Could you transcribe every record below exactly, leaving out the pictures?

MATERIALS PROVIDED =
====

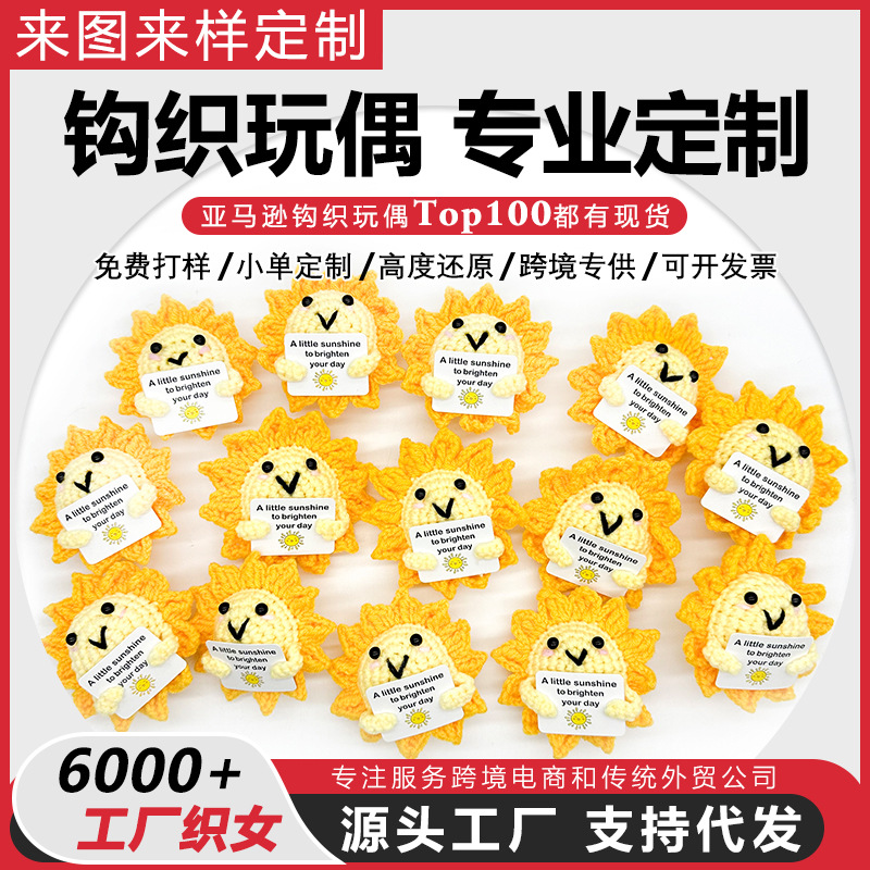 跨境热销手工钩织玩偶钥匙扣抱卡向日葵可爱表情包情感支持创意礼
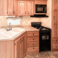 Cuisine complète avec four, cuisinière et armoires – roulotte Four Winds 438
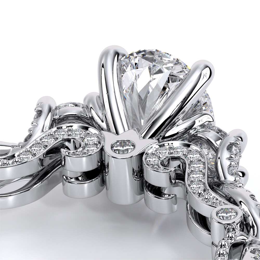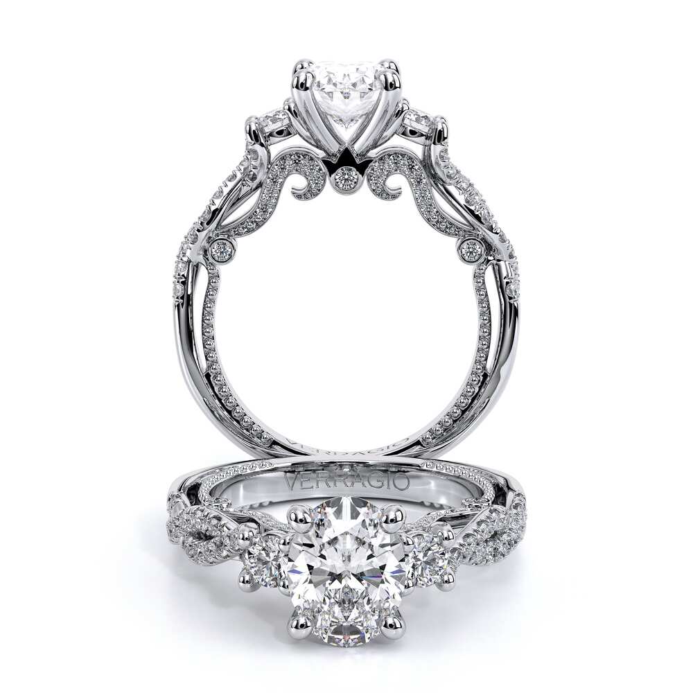 INSIGNIA-7074OV Three stone diamond engagement ring adorned with Verragio's signature beading, pave set brilliant-cut diamonds on Insignia's handcrafted scrollwork and twisted band. Refined to enhance a Oval diamond center.
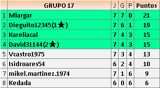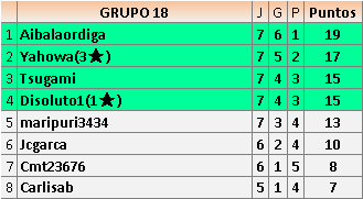 No sé qué habéis hecho esta vez con los resultados, pero los alteráis completamente: no ya los míos, que no me afectan directamente; pero sí otros que modificarían de forma significativa la clasificación del grupo: por ejemplo, mi resultado con maripuri es justo al revés, yo gano y ella pierde, por lo que ni por asomo lleva 4 victorias, ni el desempate se produciría como decís…
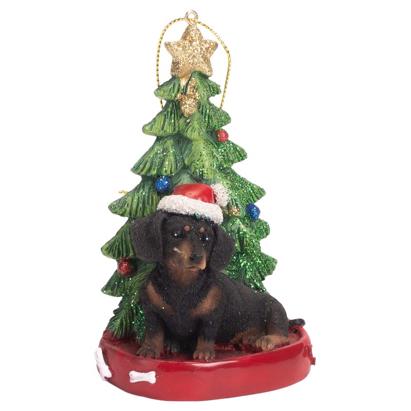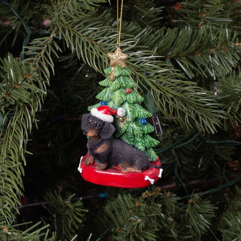 K. Adler Dachshund Black 4 Inch Santa Dog Resin Christmas Ornament
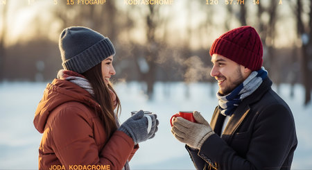 Couple in love holding a cup of hot coffee in the winter forest
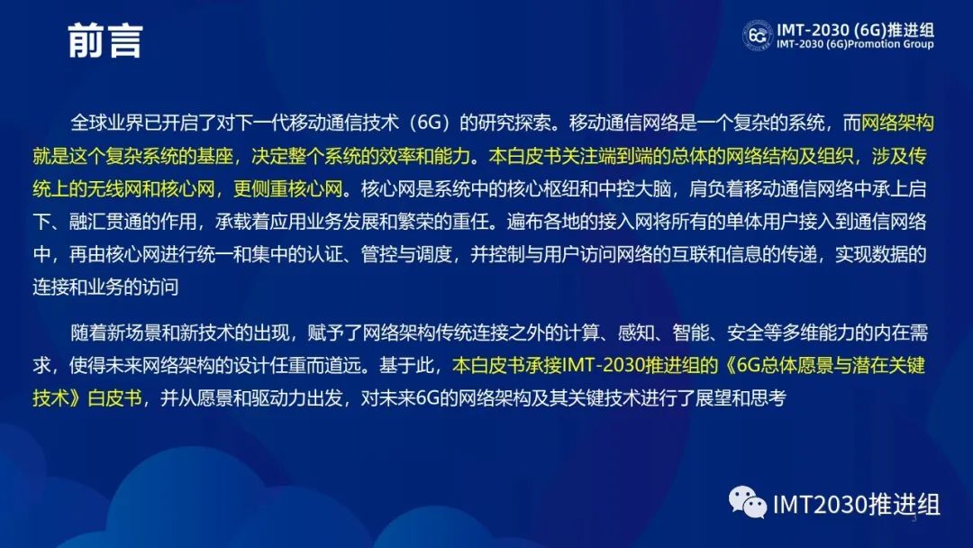 1)网络技术的创新将在6G网络中发挥更重要的作用,网络架构的创新将是6G的核心创新之一。
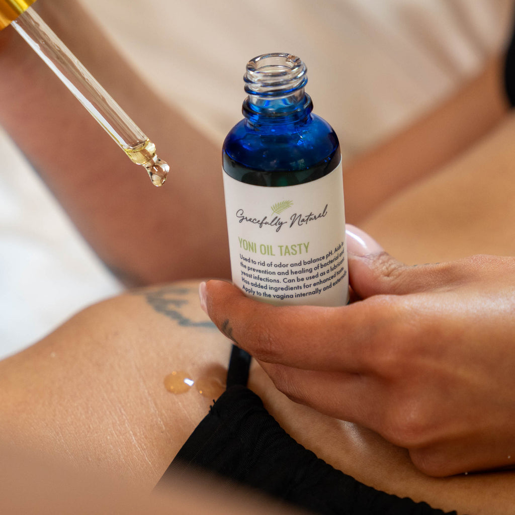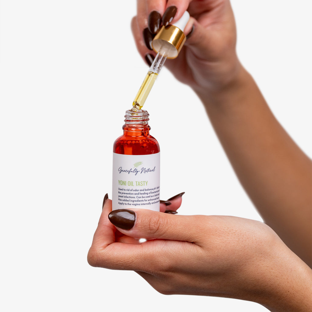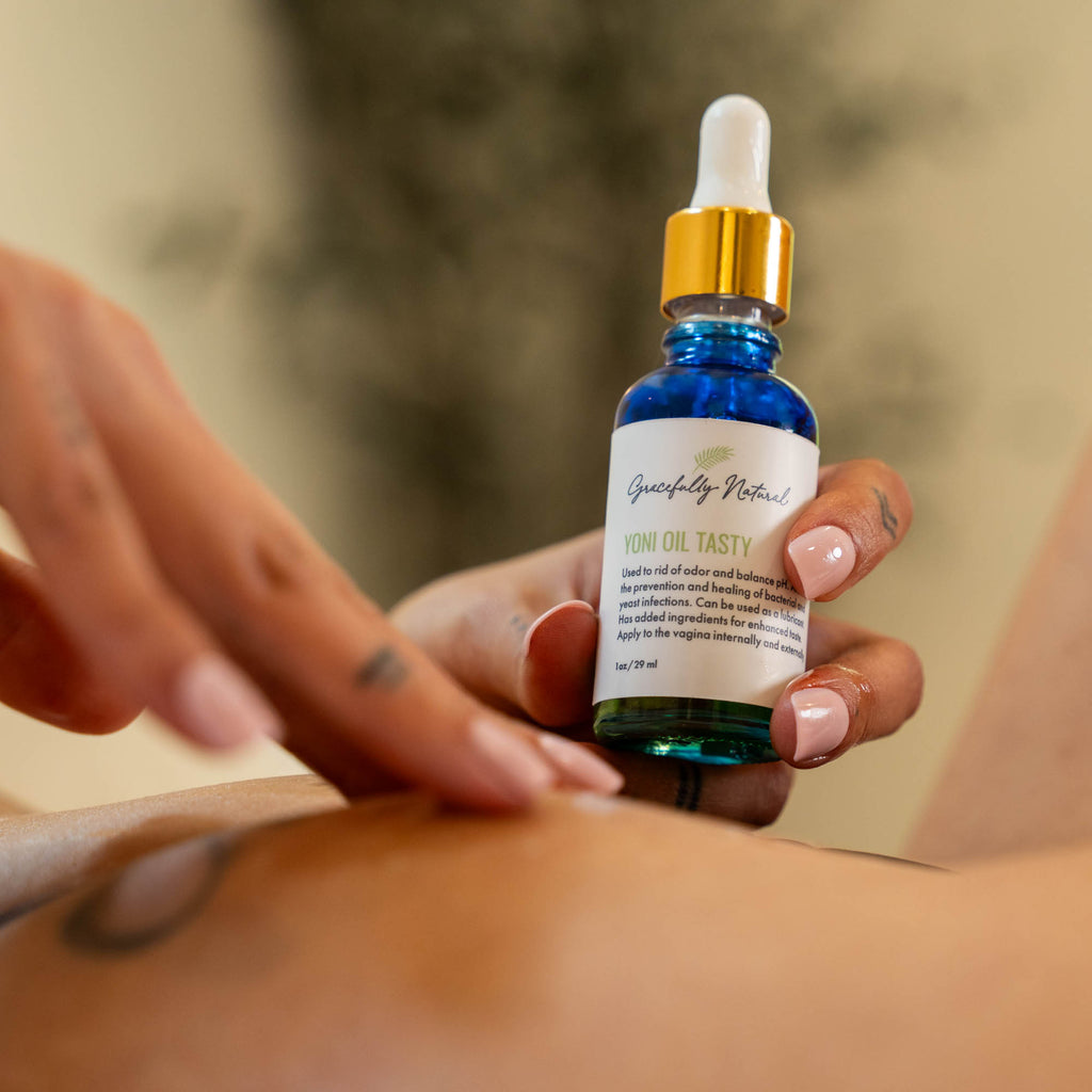 This Yoni Oil Tasty will help aid in regular maintenance of the yoni. However, this particular Yoni Oil Tasty is lightly flavored with citrus accents for additional pleasure. Gracefully Natural is known for its all-natural products; therefore, this Yoni Oil Tasty was delicately made to ensure all of the same great benefits would still be included in this edition. This includes moisturizing, lubrication, anti-fungal, and anti-bacterial properties. Yoni Oil Tasty will not only have all the great benefits of the original Yoni Oil but a tasty tang as well!
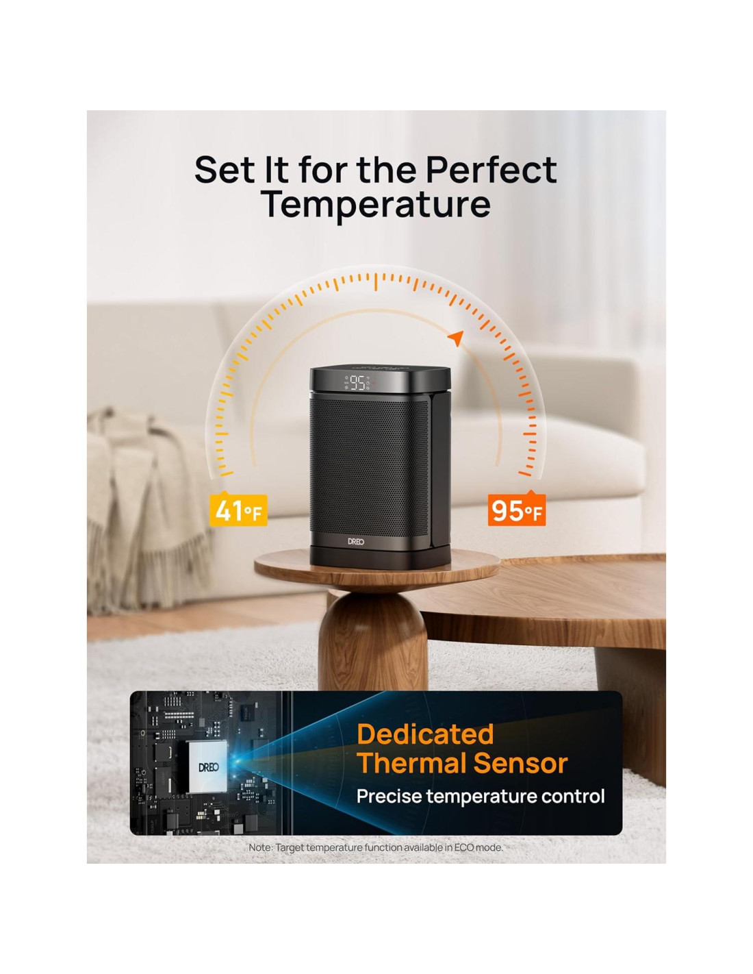 - Ahorra Más en Facturas de Energía: El Modo ECO ajusta automáticamente el nivel de calor para alcanzar tu temperatura deseada mientras ahorras más en facturas de energía. Personaliza tu propia comodidad con el termostato digital de 5 a 35 C, ajustable en incrementos de 1 C. Calor Preciso, Comodidad Precisa
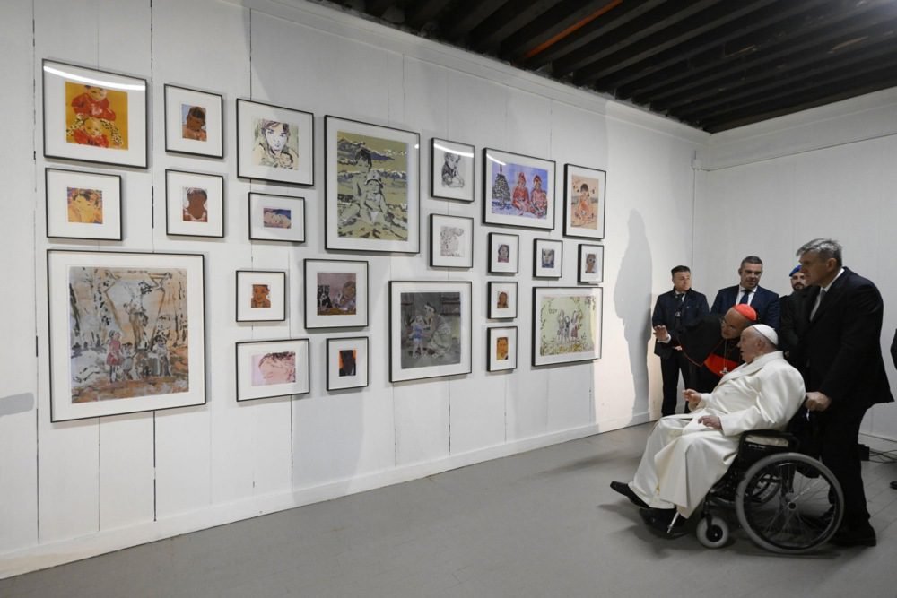 Sekmadienio rytą popiežius susitiko su Venecijos moterų kalėjimo teritorijoje įrengto Šventojo Sosto bienalės paviljono kuratoriais ir kai kuriais eksponuojamų darbų autoriais. Susitikimas vyko kalėjimo koplyčioje.

====

ANSWER TO THE EXERCISE =
 跨境热销手工钩织玩偶钥匙扣抱卡向日葵可爱表情包情感支持创意礼
 Cuisine complète avec four, cuisinière et armoires – roulotte Four Winds 438
 INSIGNIA-7074OV Three stone diamond engagement ring adorned with Verragio's signature beading, pave set brilliant-cut diamonds on Insignia's handcrafted scrollwork and twisted band. Refined to enhance a Oval diamond center.
 No sé qué habéis hecho esta vez con los resultados, pero los alteráis completamente: no ya los míos, que no me afectan directamente; pero sí otros que modificarían de forma significativa la clasificación del grupo: por ejemplo, mi resultado con maripuri es justo al revés, yo gano y ella pierde, por lo que ni por asomo lleva 4 victorias, ni el desempate se produciría como decís…
 K. Adler Dachshund Black 4 Inch Santa Dog Resin Christmas Ornament
 Couple in love holding a cup of hot coffee in the winter forest
 1)网络技术的创新将在6G网络中发挥更重要的作用,网络架构的创新将是6G的核心创新之一。
 This Yoni Oil Tasty will help aid in regular maintenance of the yoni. However, this particular Yoni Oil Tasty is lightly flavored with citrus accents for additional pleasure. Gracefully Natural is known for its all-natural products; therefore, this Yoni Oil Tasty was delicately made to ensure all of the same great benefits would still be included in this edition. This includes moisturizing, lubrication, anti-fungal, and anti-bacterial properties. Yoni Oil Tasty will not only have all the great benefits of the original Yoni Oil but a tasty tang as well!
 - Ahorra Más en Facturas de Energía: El Modo ECO ajusta automáticamente el nivel de calor para alcanzar tu temperatura deseada mientras ahorras más en facturas de energía. Personaliza tu propia comodidad con el termostato digital de 5 a 35 C, ajustable en incrementos de 1 C. Calor Preciso, Comodidad Precisa
 Sekmadienio rytą popiežius susitiko su Venecijos moterų kalėjimo teritorijoje įrengto Šventojo Sosto bienalės paviljono kuratoriais ir kai kuriais eksponuojamų darbų autoriais. Susitikimas vyko kalėjimo koplyčioje.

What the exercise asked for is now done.